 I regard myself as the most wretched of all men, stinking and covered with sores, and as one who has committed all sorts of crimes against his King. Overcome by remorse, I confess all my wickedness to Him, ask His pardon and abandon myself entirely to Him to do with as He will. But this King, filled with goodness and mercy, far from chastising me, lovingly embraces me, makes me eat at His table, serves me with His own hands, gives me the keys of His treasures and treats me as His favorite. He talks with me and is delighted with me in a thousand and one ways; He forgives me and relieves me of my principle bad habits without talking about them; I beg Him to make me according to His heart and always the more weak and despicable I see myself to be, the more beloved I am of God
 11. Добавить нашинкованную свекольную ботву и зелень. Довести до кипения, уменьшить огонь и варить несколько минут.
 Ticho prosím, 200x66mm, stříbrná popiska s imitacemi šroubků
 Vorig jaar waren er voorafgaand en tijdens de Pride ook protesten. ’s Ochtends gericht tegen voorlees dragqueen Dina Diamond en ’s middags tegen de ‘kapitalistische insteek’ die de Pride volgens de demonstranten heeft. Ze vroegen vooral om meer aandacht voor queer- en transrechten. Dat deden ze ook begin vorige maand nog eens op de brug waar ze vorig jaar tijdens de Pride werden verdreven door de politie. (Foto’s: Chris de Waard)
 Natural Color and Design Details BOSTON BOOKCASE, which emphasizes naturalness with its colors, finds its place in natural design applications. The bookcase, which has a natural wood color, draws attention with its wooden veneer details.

···

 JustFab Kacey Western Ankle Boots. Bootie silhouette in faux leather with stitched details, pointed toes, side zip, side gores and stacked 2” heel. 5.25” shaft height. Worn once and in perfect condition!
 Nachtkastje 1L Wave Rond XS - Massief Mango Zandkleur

···

--- YOUR INSTRUCTIONS ---
Of all the entries above, output exactly the lines between the one holding "I regard myself" and the one holding "Natural Color and", inclusive.

--- SOLUTION TO THIS TASK ---
 I regard myself as the most wretched of all men, stinking and covered with sores, and as one who has committed all sorts of crimes against his King. Overcome by remorse, I confess all my wickedness to Him, ask His pardon and abandon myself entirely to Him to do with as He will. But this King, filled with goodness and mercy, far from chastising me, lovingly embraces me, makes me eat at His table, serves me with His own hands, gives me the keys of His treasures and treats me as His favorite. He talks with me and is delighted with me in a thousand and one ways; He forgives me and relieves me of my principle bad habits without talking about them; I beg Him to make me according to His heart and always the more weak and despicable I see myself to be, the more beloved I am of God
 11. Добавить нашинкованную свекольную ботву и зелень. Довести до кипения, уменьшить огонь и варить несколько минут.
 Ticho prosím, 200x66mm, stříbrná popiska s imitacemi šroubků
 Vorig jaar waren er voorafgaand en tijdens de Pride ook protesten. ’s Ochtends gericht tegen voorlees dragqueen Dina Diamond en ’s middags tegen de ‘kapitalistische insteek’ die de Pride volgens de demonstranten heeft. Ze vroegen vooral om meer aandacht voor queer- en transrechten. Dat deden ze ook begin vorige maand nog eens op de brug waar ze vorig jaar tijdens de Pride werden verdreven door de politie. (Foto’s: Chris de Waard)
 Natural Color and Design Details BOSTON BOOKCASE, which emphasizes naturalness with its colors, finds its place in natural design applications. The bookcase, which has a natural wood color, draws attention with its wooden veneer details.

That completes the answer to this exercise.